▶ _What is required_:
Would you please copy only the lines from the line that contains "V8-最强王者段位-127英雄-264皮肤-1典藏皮肤-17传说-83史诗" to the end of the data below, exactly, leaving every picture out?

▶ _Information provided_:

BEGIN

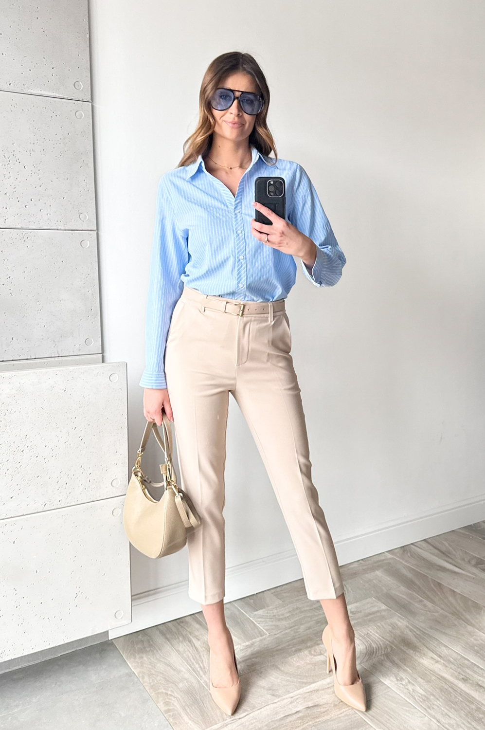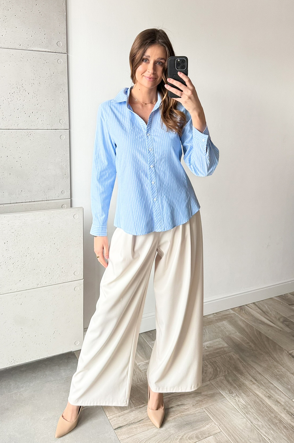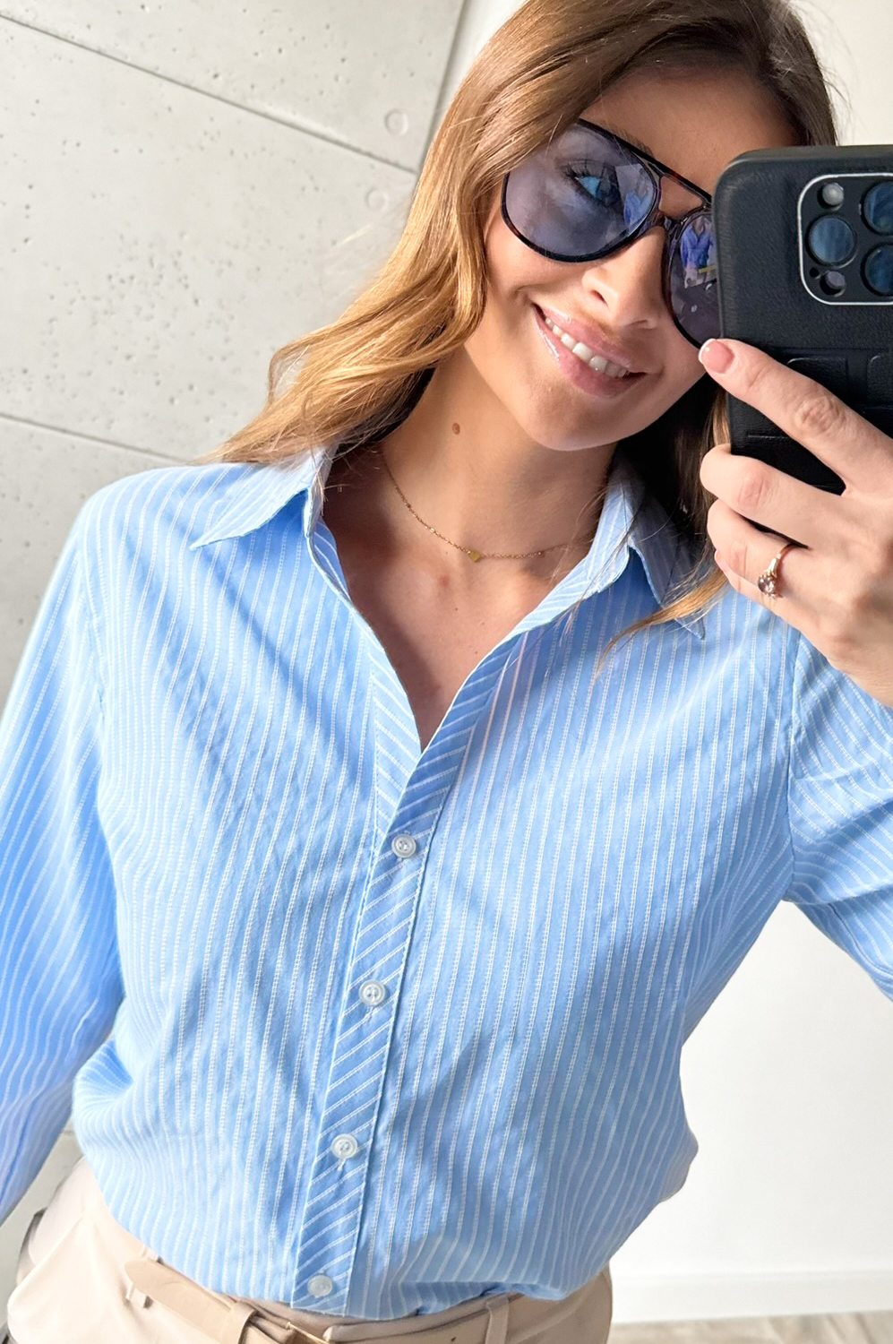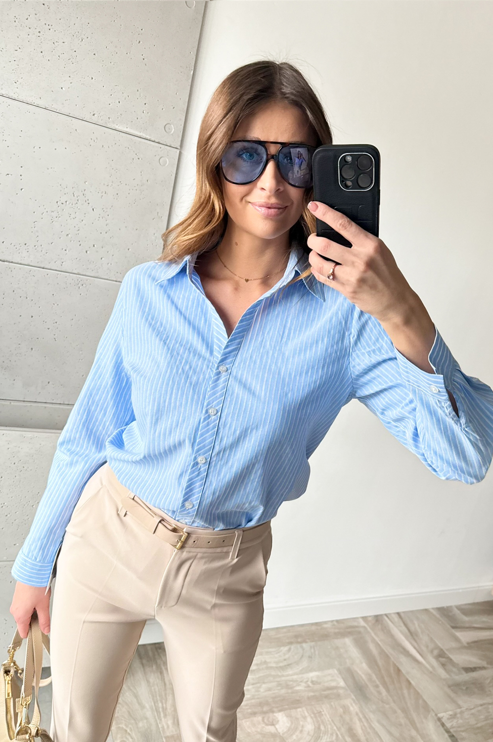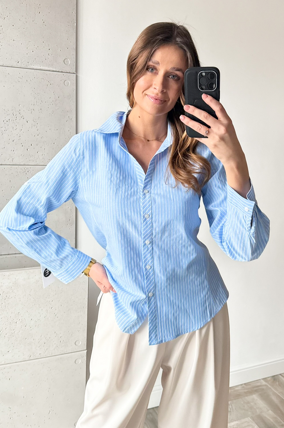 Bluzka koszulowa KLASYKA W PRĄŻEK139.00 zł Najniższa cena towaru, która obowiązywała w okresie 30 dni przed zastosowaniem obniżki: 139.00 zł Opis Klasyczna koszula w kolorze błękitu z delikatnym prążkiem,lekko taliowana,przy rękawach troszki do podwinięcia,idealnie nadaje się na stylizacje pod marynarkę oraz na sportowo SM długość 63cm,szerokość biust 100cm,pas 90cm,biodra 104cm.
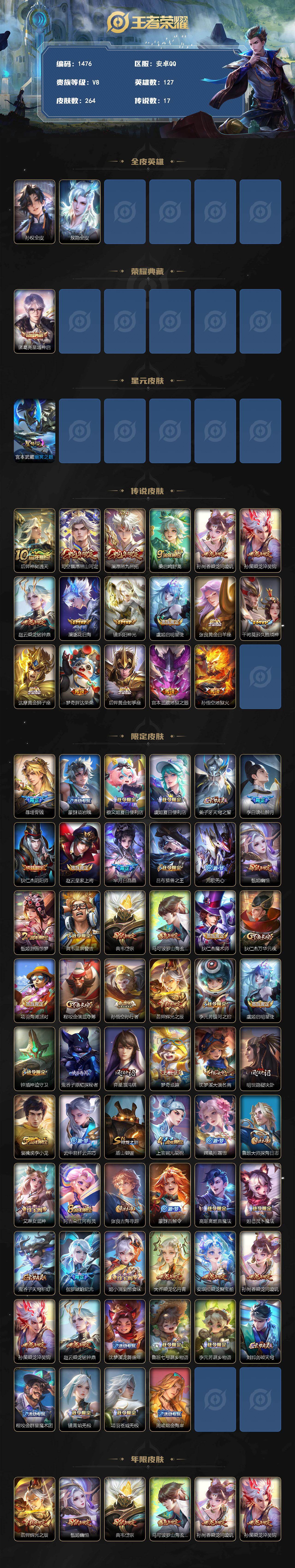 V8-最强王者段位-127英雄-264皮肤-1典藏皮肤-17传说-83史诗
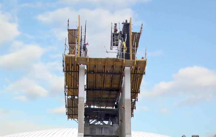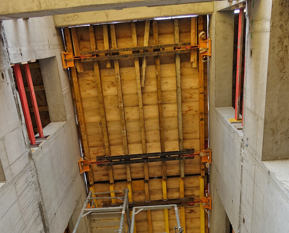 Il s'agit d'une plate-forme de soutien de coffrage, qui est employée pour les puits d'ascenseur et d'escaliers, les piles creuses ou d'autres types de puits où le soutien du coffrage est nécessaire. Elle réunit habituellement des supports grimpants classiques sur l'extérieur du mur.
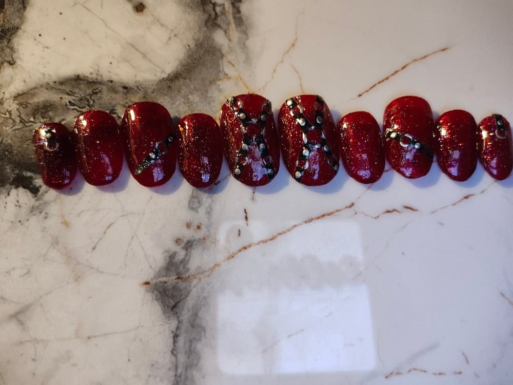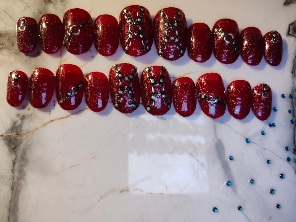 Custom made press on nails. 20 nail, short length Oval shaped set.

END

▶ _Response to this exercise_:
 V8-最强王者段位-127英雄-264皮肤-1典藏皮肤-17传说-83史诗
 Il s'agit d'une plate-forme de soutien de coffrage, qui est employée pour les puits d'ascenseur et d'escaliers, les piles creuses ou d'autres types de puits où le soutien du coffrage est nécessaire. Elle réunit habituellement des supports grimpants classiques sur l'extérieur du mur.
 Custom made press on nails. 20 nail, short length Oval shaped set.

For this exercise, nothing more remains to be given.